Segment Start: THE RECORDS

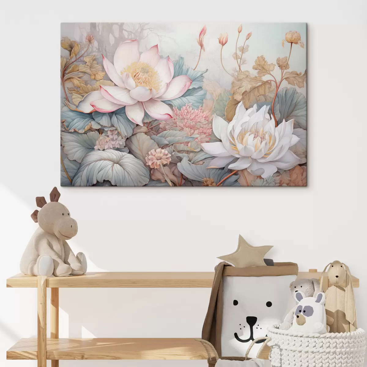 Tableau Grandes fleurs de lotus épanouies dans des tons doux de rose et de blanc, entourées de feuilles vertes et d'un délicat feuillage rose Nr s42729
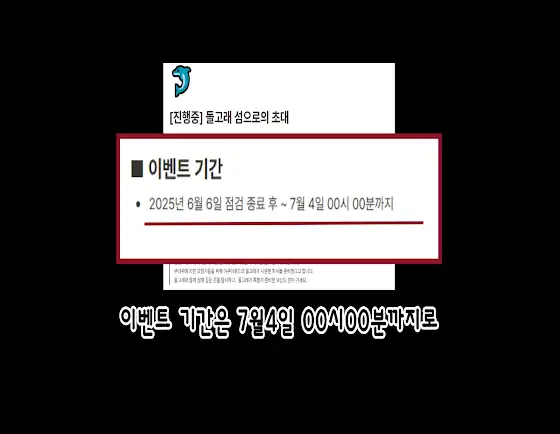 돌고래 이벤트가 금일 23:59까지입니다잊지 말고 돌고래 던전 다 깨시고 코인 교환까지 해주세요물안경은 8월 1일 00시까지 / 이벤트 참여 및 교환은 오늘까지입니다
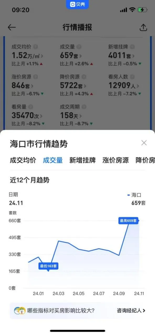 先说一句,根据行业调研,贝壳平台常规的二手市占率,约占海口3-4成规模,门店在海口的覆盖率超过60%。具有较强的市场参考性。
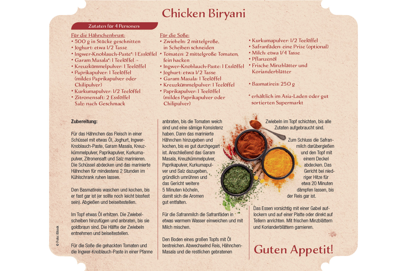 Eines seiner Lieblingsgerichte ist übrigens Chicken Biryani, ein Festessen, das in Indien traditionell in großen Runden geteilt wird. Das Rezept zum Nachkochen finden Sie hier (Bild vergrößert sich durch Anklicken). Viel Freude beim Essen und Teilen.
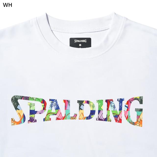 バスケットゴールをカラフルにコラージュしたSPALDINGロゴTシャツ
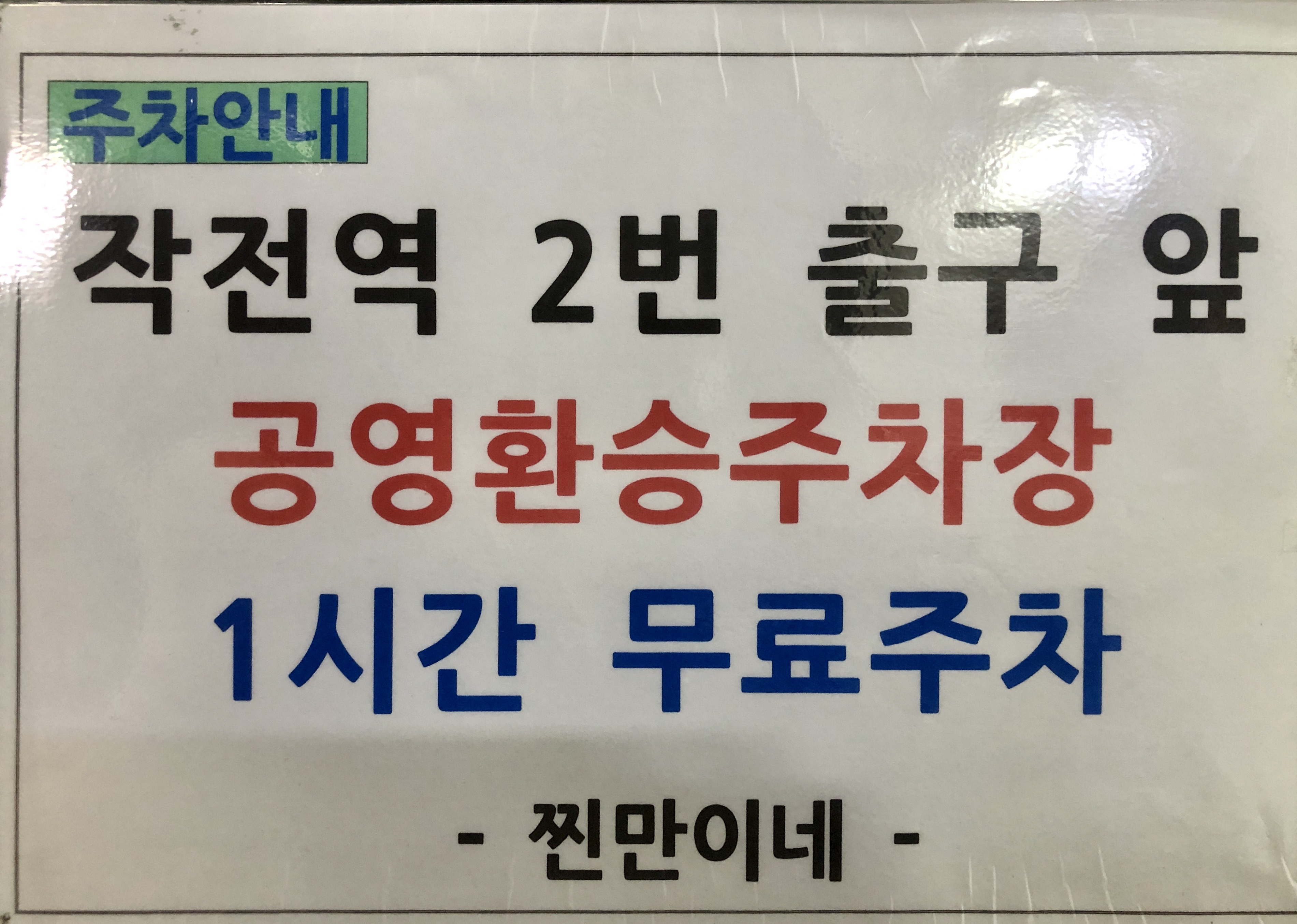 찐만이네에 온 손님은 작적역 2번 출구 앞 공영환승주차장에 주차할경우 1시간 무료주차가 가능하다.
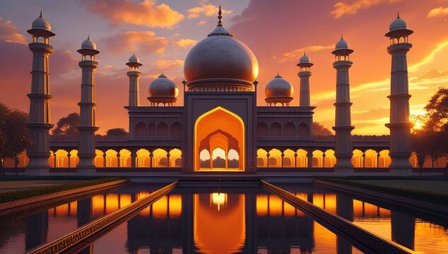 Watercolor painting of an ornate archway framing a tranquil courtyard with a reflecting pool and Mughal architecture
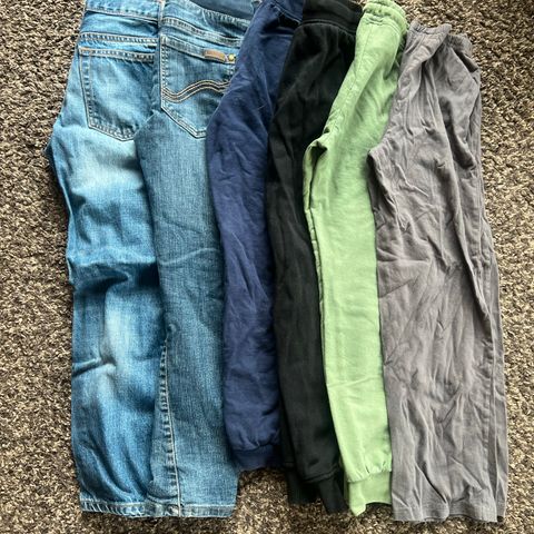 4 kpl collegehousuja koko 128. Housuissa on "pehmeäksi harjattu sisäpuoli". Vyötäröllä kiristysnauhat.
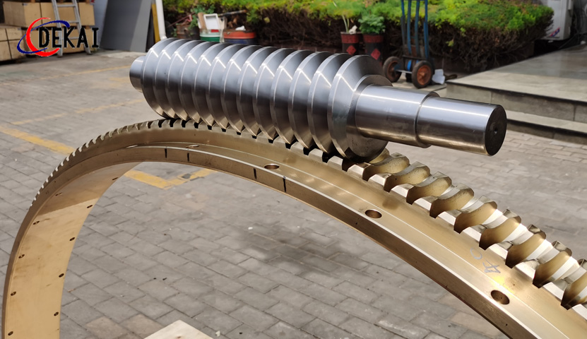 分度精度高,側(cè)隙可調(diào)整至0.01~0.03Mmm;齒面接觸穩(wěn),不會改變中心距。調(diào)整標準,方便可靠。裝配靈活,裝配時,用調(diào)整環(huán)來獲得合適的嚙合側(cè)隙。使用中如果因為磨損導致傳動間隙增大,只要調(diào)整一下蝸桿的軸向位置,可以使蝸桿蝸輪傳動副恢復到原來的精度,不需要更換新的蝸桿,蝸輪,比較實用。蝸桿材質(zhì)采用40Cr,42CrMo、38CrMoAl合金鋼。蝸桿采用錫青銅ZCuSn10Pb1離心澆鑄,具有高強度耐磨性。
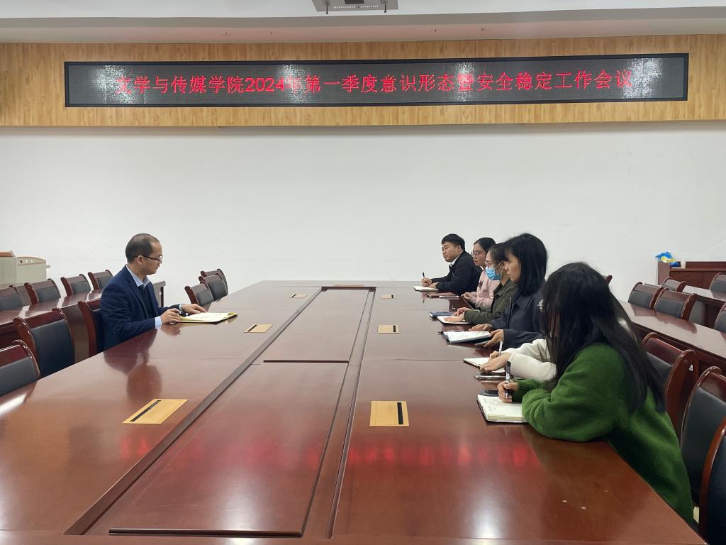1月8日上午,文学与传媒学院在东校区至善楼309会议室召开2024年第一季度意识形态暨安全稳定工作会议。学院党委书记冯健秋及全体辅导员参加会议。
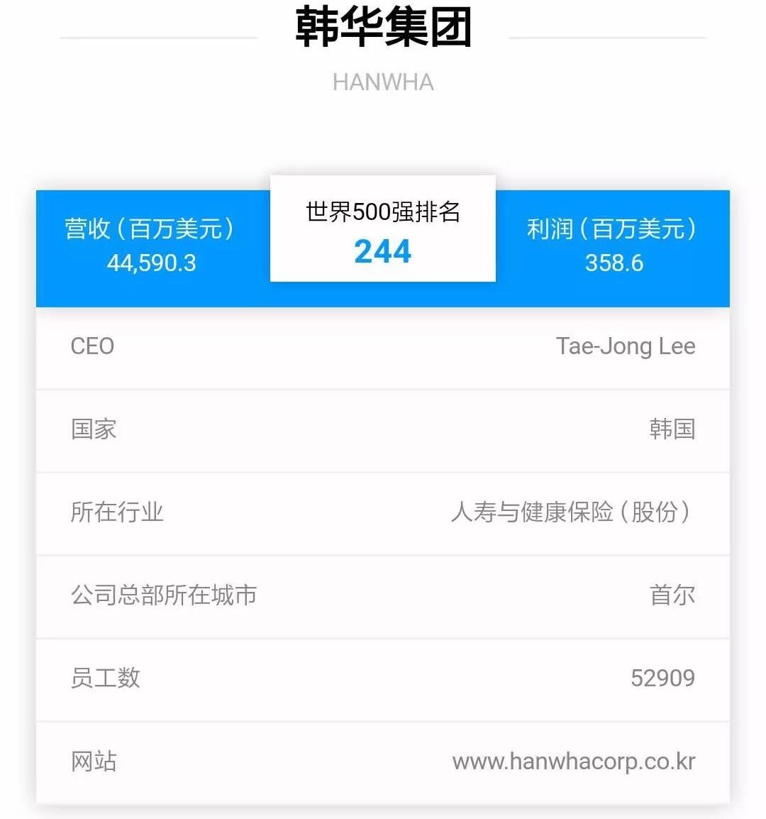 2018年7月20日,《财富》世界500强排行榜最新发布,韩华新能源母公司韩华集团凭借446亿美元总营收荣居第244位。回顾其历年排名,从2014年331位、2015年329位、2016年第277位至2017年第246位, 韩华已连续多年保持稳步提升的态势。
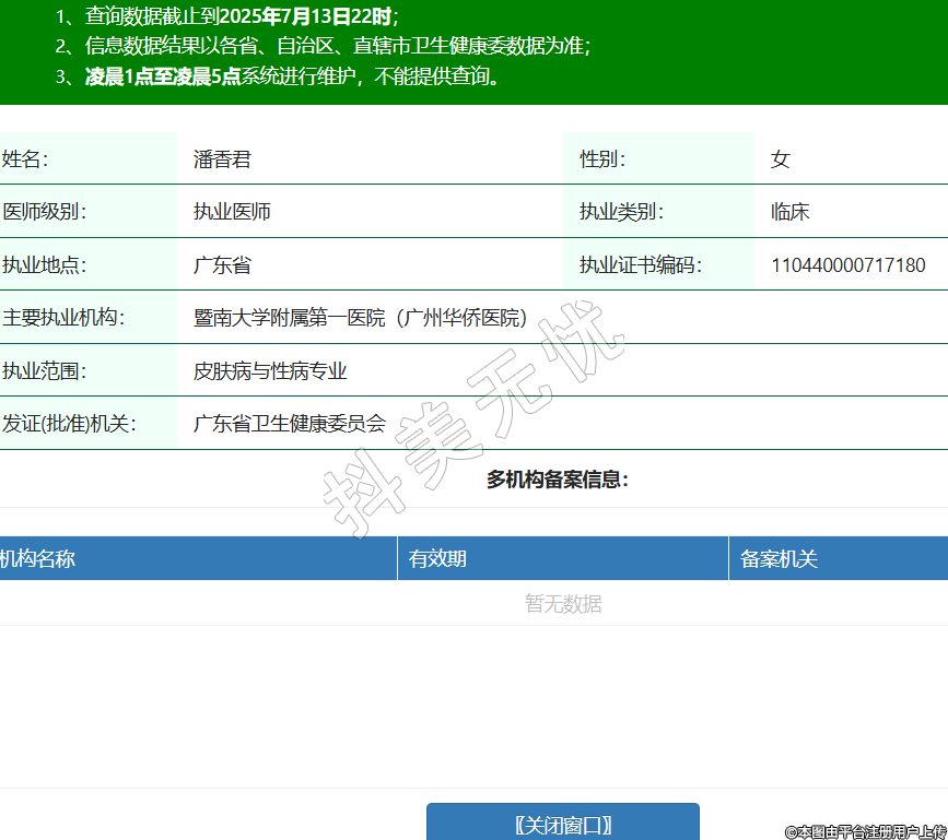 姓名:潘香君性別:女醫(yī)師級別:執(zhí)業(yè)醫(yī)師執(zhí)業(yè)類別:臨床執(zhí)業(yè)地點:廣東省執(zhí)業(yè)證書編碼:110440000717180主要執(zhí)業(yè)機構(gòu):暨南大學(xué)附屬第一醫(yī)院(廣州華僑醫(yī)院)執(zhí)業(yè)范圍:皮膚病與性病專業(yè)發(fā)證(批準)機關(guān):廣東省衛(wèi)生健康委員會 -

Segment End: THE RECORDS

This exercise needs every entry retyped exactly, with the pictures removed.

 Tableau Grandes fleurs de lotus épanouies dans des tons doux de rose et de blanc, entourées de feuilles vertes et d'un délicat feuillage rose Nr s42729
 돌고래 이벤트가 금일 23:59까지입니다잊지 말고 돌고래 던전 다 깨시고 코인 교환까지 해주세요물안경은 8월 1일 00시까지 / 이벤트 참여 및 교환은 오늘까지입니다
 先说一句,根据行业调研,贝壳平台常规的二手市占率,约占海口3-4成规模,门店在海口的覆盖率超过60%。具有较强的市场参考性。
 Eines seiner Lieblingsgerichte ist übrigens Chicken Biryani, ein Festessen, das in Indien traditionell in großen Runden geteilt wird. Das Rezept zum Nachkochen finden Sie hier (Bild vergrößert sich durch Anklicken). Viel Freude beim Essen und Teilen.
 バスケットゴールをカラフルにコラージュしたSPALDINGロゴTシャツ
 찐만이네에 온 손님은 작적역 2번 출구 앞 공영환승주차장에 주차할경우 1시간 무료주차가 가능하다.
 Watercolor painting of an ornate archway framing a tranquil courtyard with a reflecting pool and Mughal architecture
 4 kpl collegehousuja koko 128. Housuissa on "pehmeäksi harjattu sisäpuoli". Vyötäröllä kiristysnauhat.
 分度精度高,側(cè)隙可調(diào)整至0.01~0.03Mmm;齒面接觸穩(wěn),不會改變中心距。調(diào)整標準,方便可靠。裝配靈活,裝配時,用調(diào)整環(huán)來獲得合適的嚙合側(cè)隙。使用中如果因為磨損導致傳動間隙增大,只要調(diào)整一下蝸桿的軸向位置,可以使蝸桿蝸輪傳動副恢復到原來的精度,不需要更換新的蝸桿,蝸輪,比較實用。蝸桿材質(zhì)采用40Cr,42CrMo、38CrMoAl合金鋼。蝸桿采用錫青銅ZCuSn10Pb1離心澆鑄,具有高強度耐磨性。
1月8日上午,文学与传媒学院在东校区至善楼309会议室召开2024年第一季度意识形态暨安全稳定工作会议。学院党委书记冯健秋及全体辅导员参加会议。
 2018年7月20日,《财富》世界500强排行榜最新发布,韩华新能源母公司韩华集团凭借446亿美元总营收荣居第244位。回顾其历年排名,从2014年331位、2015年329位、2016年第277位至2017年第246位, 韩华已连续多年保持稳步提升的态势。
 姓名:潘香君性別:女醫(yī)師級別:執(zhí)業(yè)醫(yī)師執(zhí)業(yè)類別:臨床執(zhí)業(yè)地點:廣東省執(zhí)業(yè)證書編碼:110440000717180主要執(zhí)業(yè)機構(gòu):暨南大學(xué)附屬第一醫(yī)院(廣州華僑醫(yī)院)執(zhí)業(yè)范圍:皮膚病與性病專業(yè)發(fā)證(批準)機關(guān):廣東省衛(wèi)生健康委員會 -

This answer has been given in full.